[LISTED ENTRIES — start]

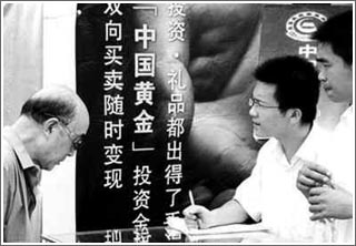一年開設47家分公司,這是寶鑫金業創造的布點速度。 成立于2006年9月的寶鑫金業,是一家注冊資本500萬元,經營范圍涵蓋黃金、鉑金飾品的加工、銷售,珠寶、玉器的銷售以及黃金交易代理及咨詢服務的新企業。 這樣一家名不見經傳的公司,為何能快速布點并誘導大量投資者“上鉤”呢?記者調查發現,這主要是因為寶鑫金業惡意利用了三大“誘餌”: 誘餌一——企業品牌。“福輝”品牌創建于1984年。公司下設六家專業首飾生產加工基地和一個檢測中心,已形成集團化、專業化的珠寶首飾加工、出口、內銷的經營網絡,是國內首家在港上市的珠寶企業,也是上海黃金交易所綜合類會員單位。為取得投資者的信任,寶鑫金業在“客戶協議書”中大肆宣傳所謂的“福輝標準金延期交收業務”,給人此項業務與福輝公司密切相關的誤導。對此,福輝公司強調,公司并無此項業務。 誘餌二——公司授權。為使投資者深信不疑,寶鑫金業特別將福輝公司的“授權書”放在“客戶協議書”的突出位置!笆跈鄷狈Q:“茲授予福建省寶鑫金業有限公司代理福建省福輝珠寶有限公司開展上海黃金交易所黃金延期交收及咨詢業務。時間為2007年3月1日至2008年2月28日!蓖顿Y者也因此打消了顧慮。 誘餌三——辦公場所。為了制造“福輝和寶鑫是合作伙伴”的假象,寶鑫金業還租下了福輝珠寶城四樓A區的辦公場地,設立了“寶鑫黃金交易中心”,從事所謂“福輝標準金延時交收業務”的交收及咨詢業務。許多投資者正是到現場參觀后,才充分相信寶鑫公司,并大膽參與此項投資。
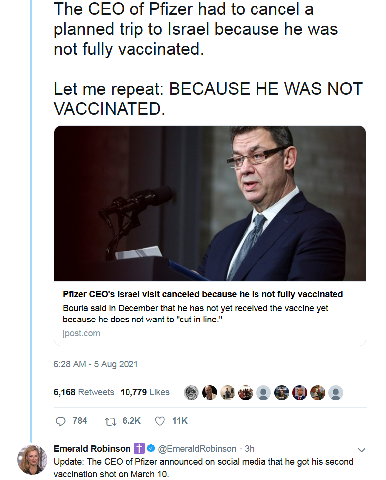 The CEO of Pfizer posted a photo of himself getting the second shot of the COVID-19 vaccine on March 10. But an Aug. 5 tweet from Newsmax reporter Emerald Robinson misleadingly suggested he isn’t vaccinated. She updated the tweet hours later, acknowledging the CEO’s post — but after her claim had spread, uncorrected, on other social media.
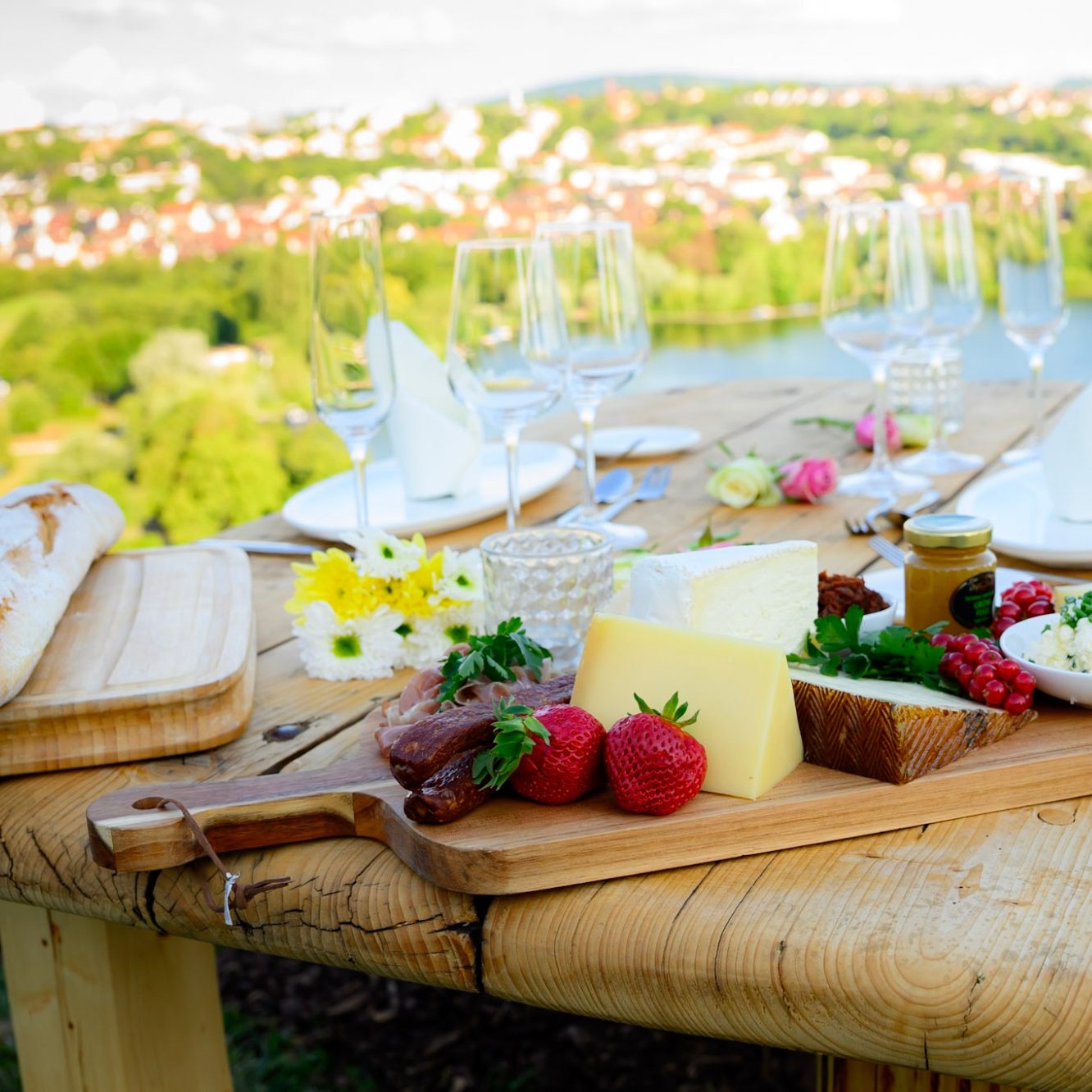 Erlebt ein einzigartiges Candlelight-Dinner in traumhafter Kulisse – umgeben von malerischen Weinreben und mit direktem Blick auf den Max-Eyth-See. Wenn die Sonne langsam untergeht und sanftes Kerzenlicht die Szenerie erleuchtet, entsteht eine Atmosphäre, die verzaubert.
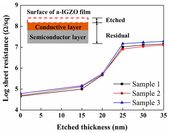 To clarify the depth distribution of the generated Vo defects caused by the sputtered deposition of S/D metal, we evaluated the Rs depth profile of a-IGZO film-4 in Table 1. The surface of a-IGZO film was repeatedly etched in dilute hydrochloric acid [25] to obtain the thin film. Figure 2 shows the Rs values of the residual a-IGZO film with various etched thicknesses, and the inset shows the schematic cross-section of the residual a-IGZO film after being etched in dilute hydrochloric acid. The Rs values of the residual a-IGZO film were measured after each etching step. The Rs value of the a-IGZO film-4 is initially about 104 Ω/sq and increases as the etched thickness increases. When the etched thickness is over 25 nm, the Rs value is about 107 Ω/sq and nearly remains constant with a further increase in the etched thickness. Obviously, the remarkable increase in Rs from 104 to 107 Ω/sq should be ascribed to the significant difference in conductance between the surface and bulk of the a-IGZO films, instead of the 30% decrease in film thickness. These results suggest that a high density of Vo defects are distributed within approximately 25 nm of the surface of the a-IGZO films. In addition, the high Rs value of around 107 Ω/sq of a-IGZO film-5 shown in Table 1 should be attributed to the removal of the Vo defects in the surface layer by the F-containing etchant, which has a relatively high etching rates of 0.4 nm/s and could remove the surface layer of a-IGZO film after removing the S/D metal films by means of over-etching.
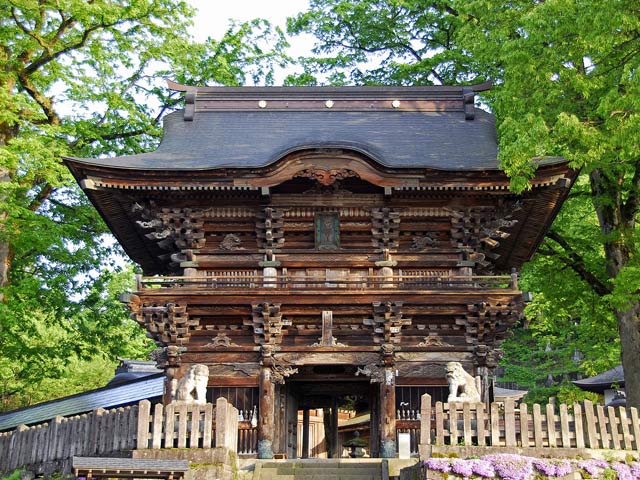 據說大同2年(807),坂上田村麻呂創建並祭祀了毗沙門天。 毗沙門堂是12.6m四面的堂,四面有緣。 樓門是日光東照宮的陽明門的總櫸樹構造。 每年3月第一個星期六舉行爭奪有利益的紙幣的裸押節 (國家的重要無形民俗文化財產),前一天的17點30分開始有大蠟燭的獻火等的前夜祭。
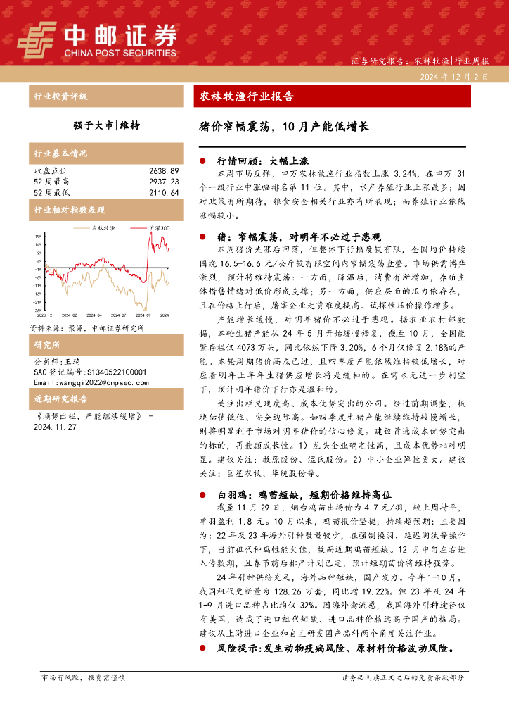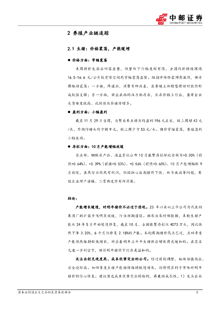 中邮证券:农林牧渔行业报告:猪价窄幅震荡,10月产能低增长.pdf
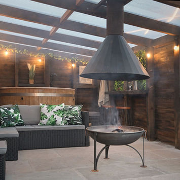 Premium Cabin with outdoor covered area including Hot Tub, Sofa, Firepit & Bar
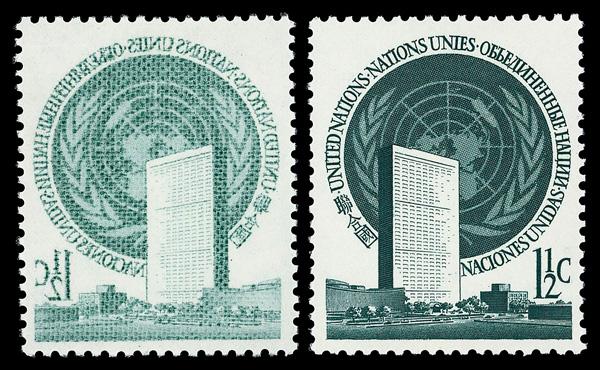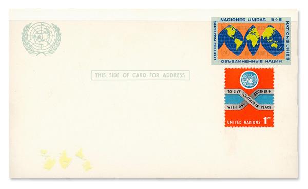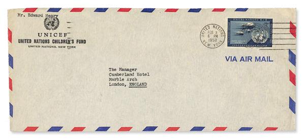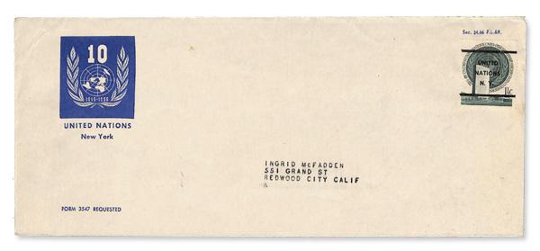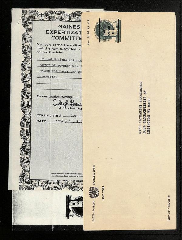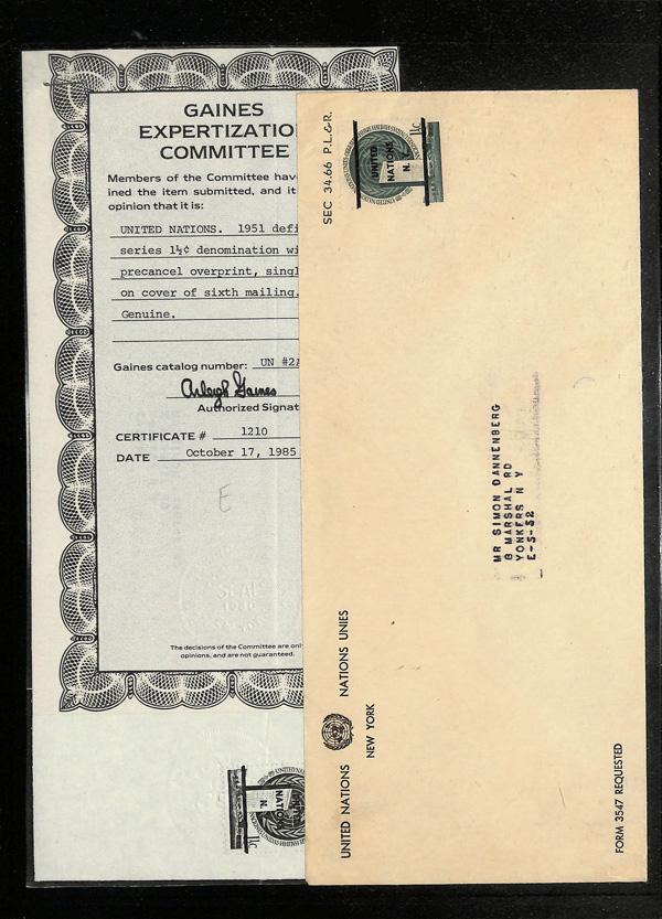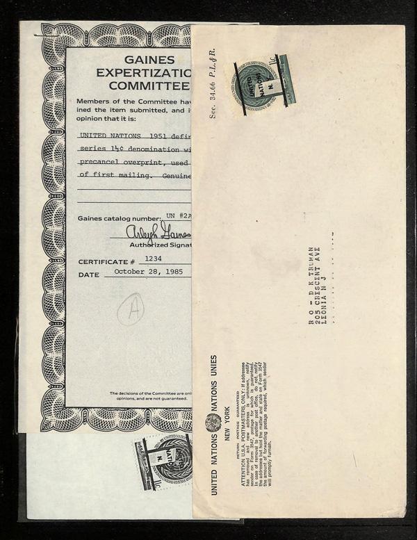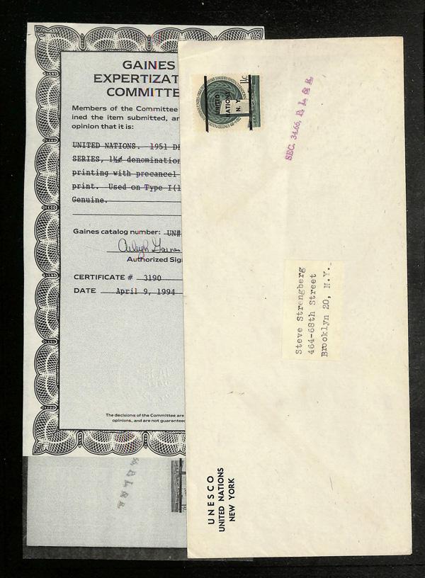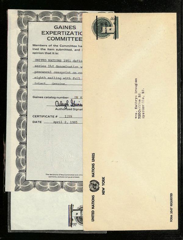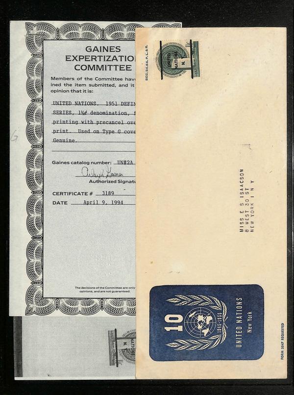 1952, 1½¢ blue green, precancel 'UNITED/NATIONS/N.Y.' (Scott 2 var), 6th mailing cover with modified '&' symbol printed above the stamp, Very Fine, with 1985 Gaines certificate. Gaines 2A. (Image)
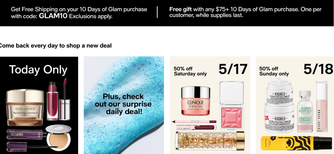 Macy’s (NEW) Get 50% off beauty daily deals during Macy’s 10 Days of Glam May 16-25, 2025 + free shipping use coupon code GLAM10 – see all deals here (12 pages).
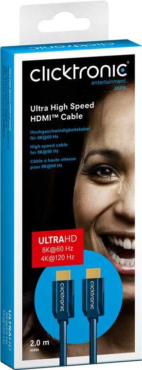 Developed to make the future come to you! The Clicktronic ultra-high-speed HDMI™ cable produces a razor-sharp and stunningly natural image, and also boasts the fastest transmission speeds on the market today. Its pure materials, precise processing and cutting-edge technology enable you to connect your television with other devices and the Internet.
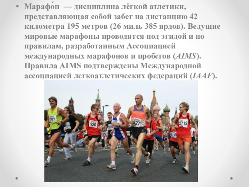 Слайд 10Марафо́н  — дисциплина лёгкой атлетики, представляющая собой забег на дистанцию 42 километра 195
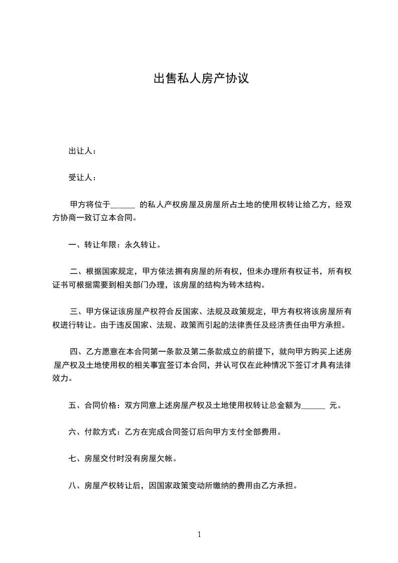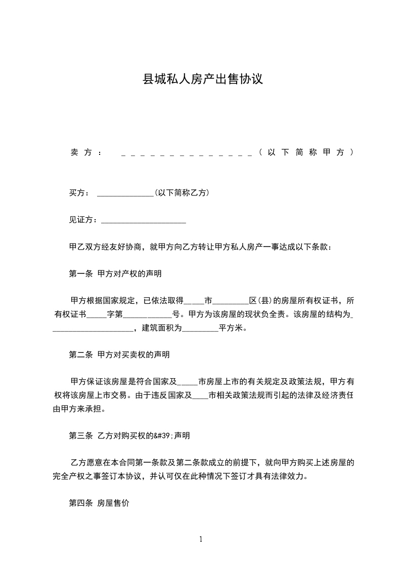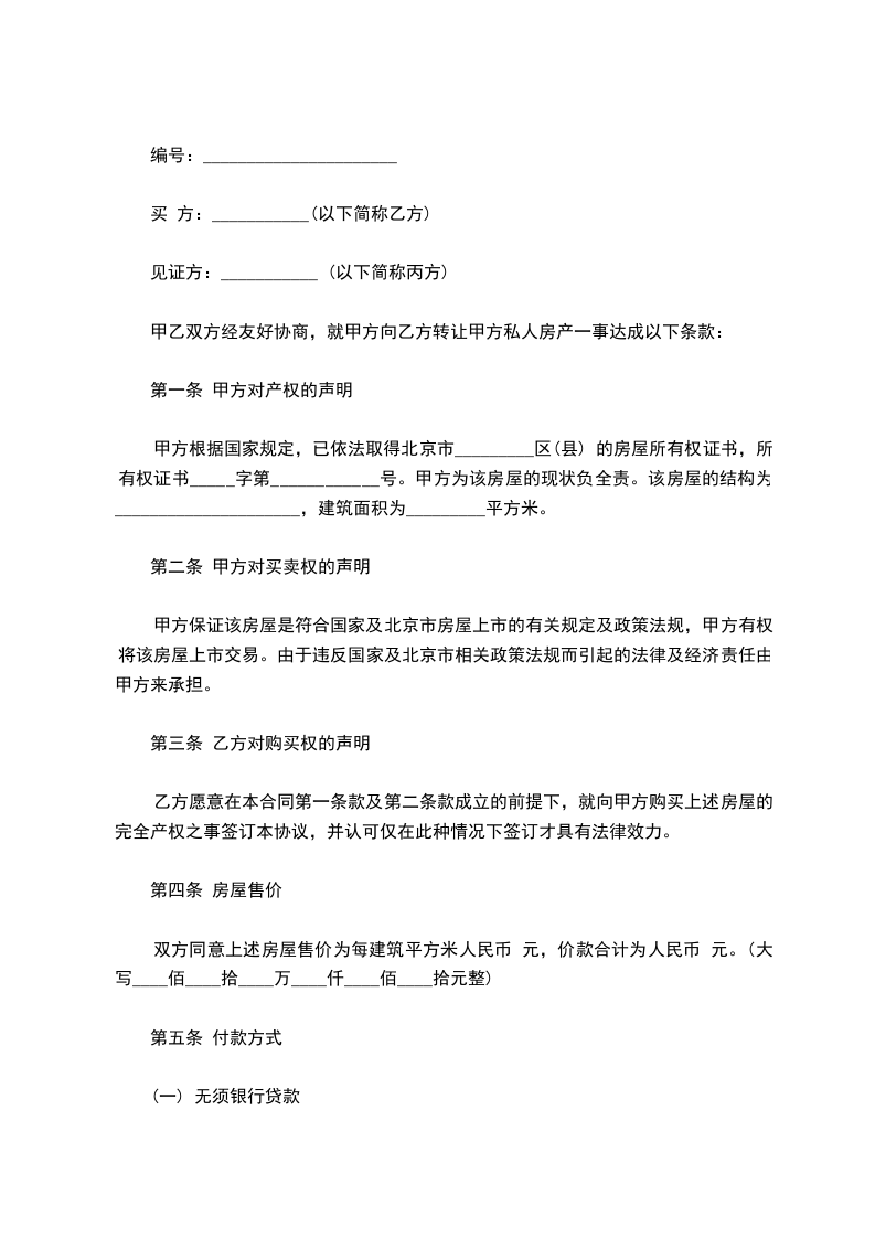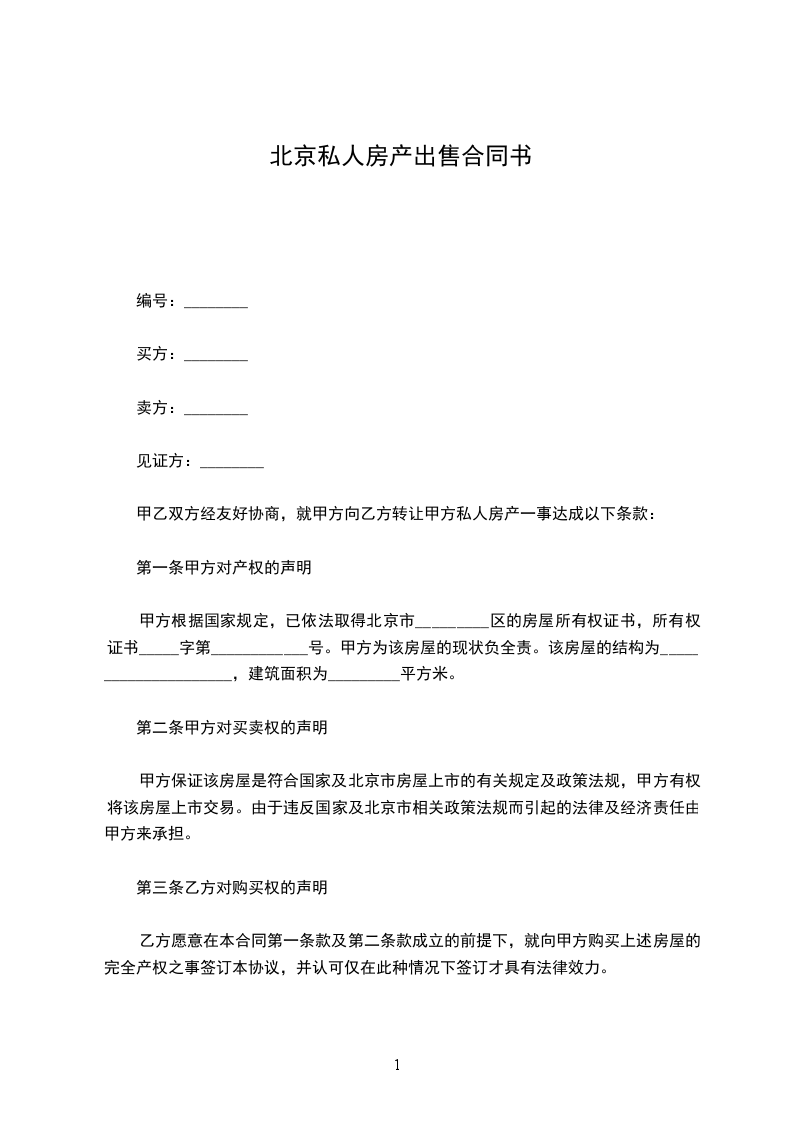 一、甲方将其拥有独立产权的位于_______市/区_____的房屋以人民币出售给乙方。乙方愿意以上述价格向甲方认购该房。

[LISTED ENTRIES — finish]

◆ REQUIREMENT
Using the records above, return verbatim only the part that opens with the line containing "Macy’s (NEW) Get" and closes with the line containing "Developed to make"; pictures stay out.

◆ SOLUTION FOR THIS EXERCISE
 Macy’s (NEW) Get 50% off beauty daily deals during Macy’s 10 Days of Glam May 16-25, 2025 + free shipping use coupon code GLAM10 – see all deals here (12 pages).
 Developed to make the future come to you! The Clicktronic ultra-high-speed HDMI™ cable produces a razor-sharp and stunningly natural image, and also boasts the fastest transmission speeds on the market today. Its pure materials, precise processing and cutting-edge technology enable you to connect your television with other devices and the Internet.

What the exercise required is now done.